Participants were scanned in a Siemens 3.0‐T scanner (MAGNETOM Prisma, Siemens Healthcare Erlangen, Germany) using a 20‐channel coil. Structural images were acquired during a 5 min and 18 s scan with a T1‐weighted magnetization prepared rapid gradient echo sequence: TR = 2,300 ms, TE = 2.32 ms, slice thickness = 0.9 mm, voxel size = 0.90 × 0.90 × 0.90 mm3, voxel matrix = 256 × 256, flip angle = 8°, field of view = 240 mm. During each task session of task‐based scan, a total of 1,095 whole‐brain volumes were collected using a T2*‐weighted gradient echo planar imaging sequence with multi‐bands acceleration (TR = 1,000 ms, TE = 34 ms, slice thickness = 2.50 mm, voxel size = 2.50 × 2.50 × 2.50 mm3, voxel matrix = 92 × 92, flip angle = 50°, field of view = 230 mm2, slices number = 52, MB‐factor = 4).

Image preprocessing

Preprocessing of fMRI data included the following steps. First, slice time correction and head motion correction were performed using AFNI (Cox, 1996). Then, tissue segmentation was conducted to extract brains using SPM12 (https://www.fil.ion.ucl.ac.uk/spm/). Structural and functional images were normalized to the MNI space (2.5 mm isotropic spatial resolution) using ANTs (http://stnava.github.io/ANTs/). Finally, spatial smoothing was conducted with a 5 mm full‐width‐at‐half‐maximum Gaussian kernel. Before calculating correlation coefficients between networks, a voxel‐wise multiple regression approach was used to remove the effects of confounding variables as below. The block wise hemodynamic response to each task condition (PV, GV, Rest) and their first‐derivative terms were used to remove the task‐evoked block‐wise changes in fMRI signals (Whitfield‐Gabrieli & Nieto‐Castanon, 2012). The first five principal components of white‐matter and cerebrospinal fluid signals, six motion parameters, and their temporal first‐order derivatives were used as covariates to remove physiology‐ and motion‐related confounds. A high pass filtering (>0.001 Hz) and linear detrending were also performed. After above preprocessing steps, the Conn toolbox (https://web.conn-toolbox.org/resources/manual) was used for condition‐dependent functional connectivity analysis of block design by dividing BOLD time series into scans associated with each block, and all of the scans for the same condition were concatenated. Finally, ROI‐to‐ROI correlation coefficients were calculated and graph theory analysis was performed (see details below).

Graph theory analysis

Graph theory analysis was employed to characterize interactions between multiple networks during the task. The Conn functional connectivity toolbox 19.b (Whitfield‐Gabrieli & Nieto‐Castanon, 2012) was applied to construct condition‐specific functional connectivity matrices for each participant using a template of 81 regions of interest (ROIs) detailed below.
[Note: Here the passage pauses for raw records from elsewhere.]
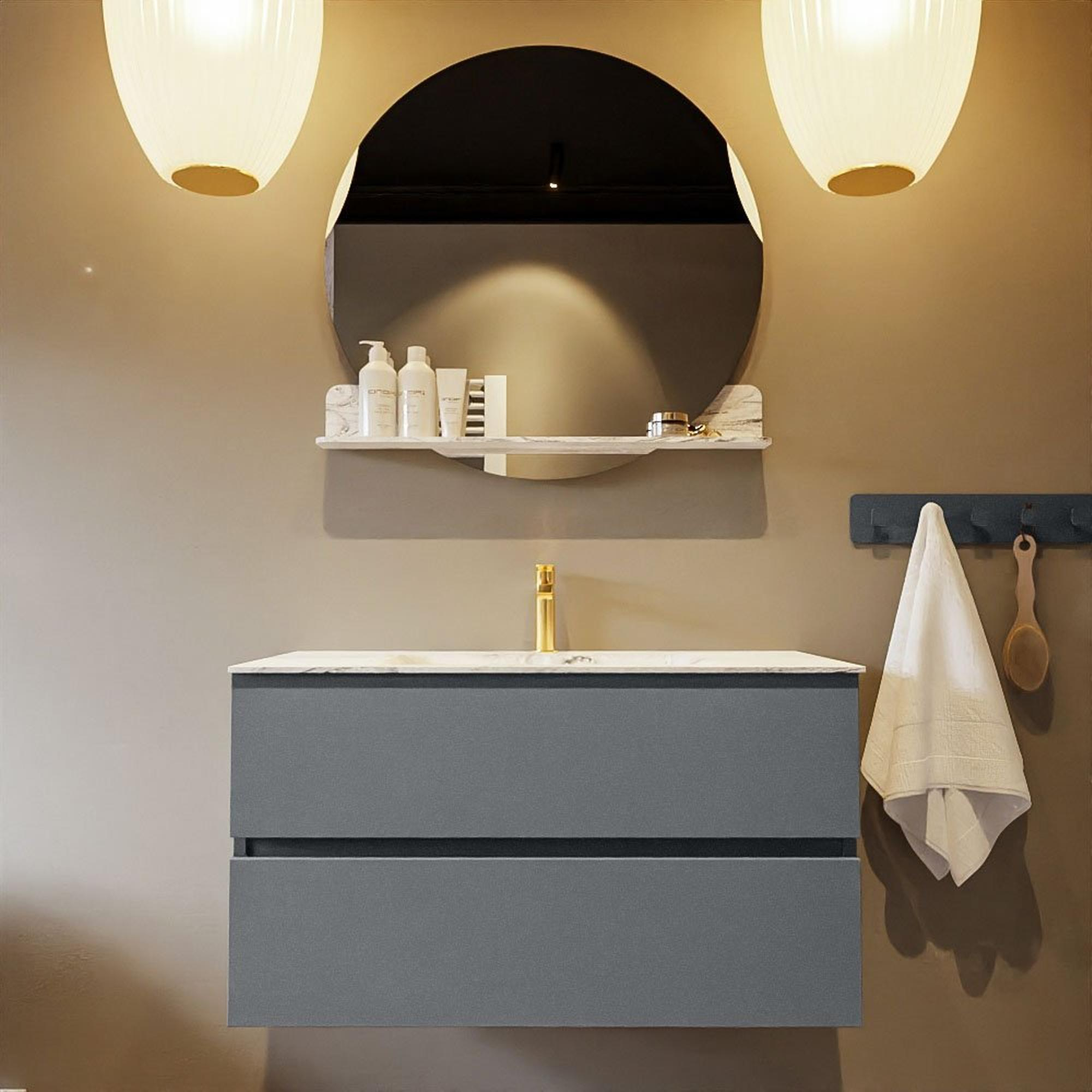 Le superbe ensemble de meuble de salle de bains VICA DLUX est une pièce maîtresse magnifique dans votre salle de bains. Le lavabo Solid surface marbré en CORIAN a une apparence élégante et intemporelle. Grâce à la forme douce et naturelle du lavabo, combinée avec le sous-meuble de salle de bains intemporel et magnifique, le VICA-DLUX s’adapte bien aux différents styles de salles de bains. Pour parfaire la finition de votre salle de bains, nous proposons également des niches et des supports de miroir dans la même couleur que le lavabo. Comme les niches Mondiaz et les tablettes de miroir. La série VICA DLUX se compose du sous-meuble VICA à 2 ou 4 tiroirs combiné avec un lavabo Solid surface CORIAN avec structure marbre. Le lavabo Solid surface CORIAN est disponible en 5 aspects marbre. Avec cet ensemble de meubles de salle de bains, vous avez ce bel aspect marbre mais aussi la facilité d’entretien et l’hygiène du Solid surface. Attention : Pour la variante XL (60cm), vous voyez les images/vidéos de la hauteur standard (50cm)
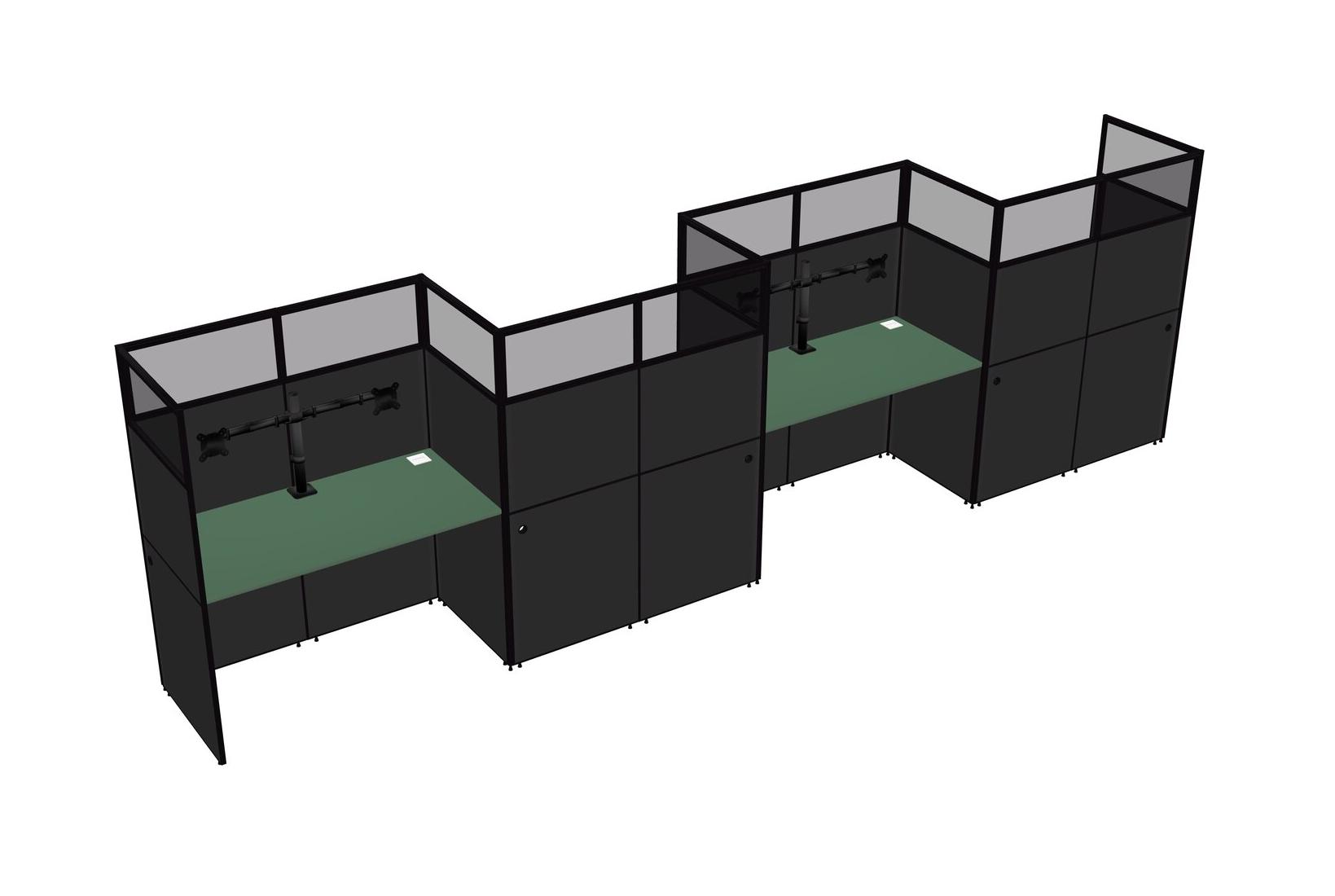 Green Rectangular Cubicle Workstations For 4 - Zigzag Formation
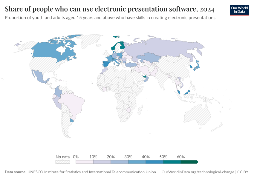 Data for one component of the indicator is shown in the interactive visualizations. The first chart shows the share of youth and adults (aged 15-24 years old) in each country with skills in creating electronic presentations with presentation software. The second chart shows this measure by sex.
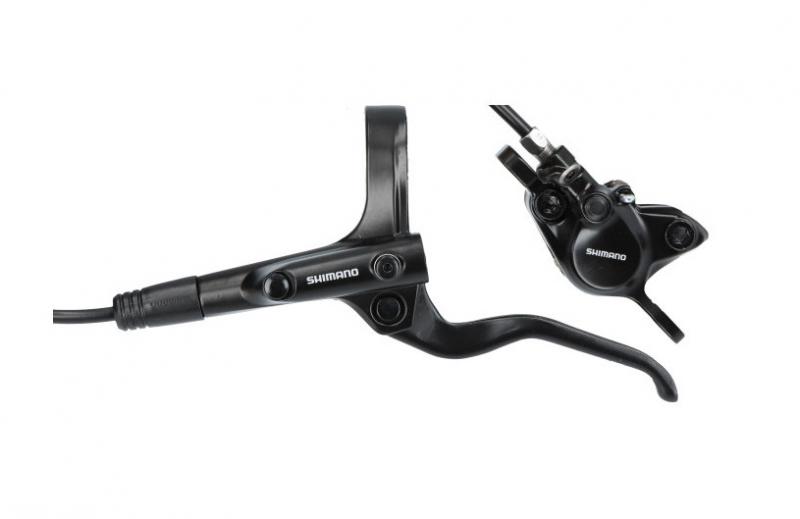 Kotúčová brzda MT201. Zložená z brzdovej páky BLMT201 a strmeňa BRMT200 bez adaptéra, spojená hadicou BH59-SS. Platničky-resin B01S.
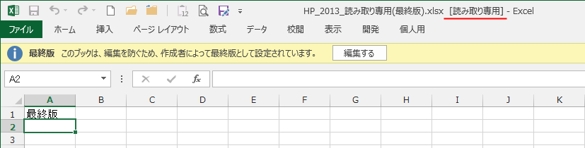 - 「最終版にする」とはファイルが最終版であることを閲覧者に伝えることが主です。

We defined the large‐scale networks with 81 ROIs primarily based on Power and colleagues' work (Power et al., 2011). Nevertheless, to better characterize the functional heterogeneity of DMN, we replaced the DMN coordinates in Power's template with coordinates used by Andrews‐Hanna, Reidler, Huang, and Buckner (2010) and Andrews‐Hanna, Reidler, Sepulcre, et al. (2010), in which the DMN Core subsystem was define by four nodes (2 for each hemisphere), the dMPFC subsystem was defined by 7 nodes (3 for each hemisphere, and the dMPFC was at the medial plane), and the MTL subsystem was defined by 9 nodes (4 for each hemisphere, and the vMPFC was at midline). Since this atlas (Power et al., 2011) includes several networks that we are not interested in, we only used the coordinates of these four networks, namely FPN, VAN, DAN, and SN. The set of ROIs (5 mm radius spheres) was generated using 3dcalc with AFNI (Cox, 1996) with the center coordinates defined above (Figure 2). These networks were visualized with the BrainNet Viewer program (https://www.nitrc.org/projects/bnv/) (Xia, Wang, & He, 2013).

FIGURE 2

The 81 regions of interest encompass seven networks, including three subsystems of default mode network (Core, dMPFC, and MTL), FPN, VAN, DAN, and SN. DAN, dorsal attention network; dMPFC, the dorsal medial prefrontal cortex subsystem; FPN, frontal–parietal network; MTL, the medial temporal lobe subsystem; VAN, ventral attention network; SN, salience network Each ROI's average time course was extracted and pair‐wise Pearson correlations between these time courses were calculated after preprocessing procedures described above. Following previous routines of graph theory analysis (Reineberg & Banich, 2016; Wang, Hu, Weng, Chen, & Liu, 2020), we set a sparsity of 15% to remove the weak links and maintain the strong positive correlations. Since there is still no consensus on which threshold is the best to choose, we also verified the results with the proportional threshold of 10% and 20%. The overall results were consistent (supplemental material, Table S1), therefore we only reported the results of 15% in the main text. Brain Connectivity Toolbox (Rubinov & Sporns, 2010) was used to calculate the graph theory measures, including seven intra‐network connections and twenty‐one inter‐network connections in two task conditions and rest, separately. Statistical analysis was conducted using SPSS 21.0 software (SPSS Inc, Chicago, IL). A one‐way repeated measures analysis of variance (ANOVA) was used to test whether there were any differences among the three conditions. The Bonferroni correction was used to control false positive for multiple comparisons. As mentioned above, we focused on seven networks that would generate seven intra‐network analyses and twenty‐one inter‐network analyses. Therefore, the corrected statistical significance threshold was set at = .05/7 = .007 for intra‐connection, and = .05/21 = .0024 for inter‐connections.

RESULTS

Behavioral information

The rating scores of twenty‐eight participants were obtained in our study, and two participants were excluded due to their incomplete evaluation data. Paired T‐test showed that the mean rating score for video preference was significantly higher for PV than that for GV (t = 3.647, p = .0011). In addition, 26 out of 28 participants reported a higher overall preference to PV. These results confirmed that participants did prefer PV to GV.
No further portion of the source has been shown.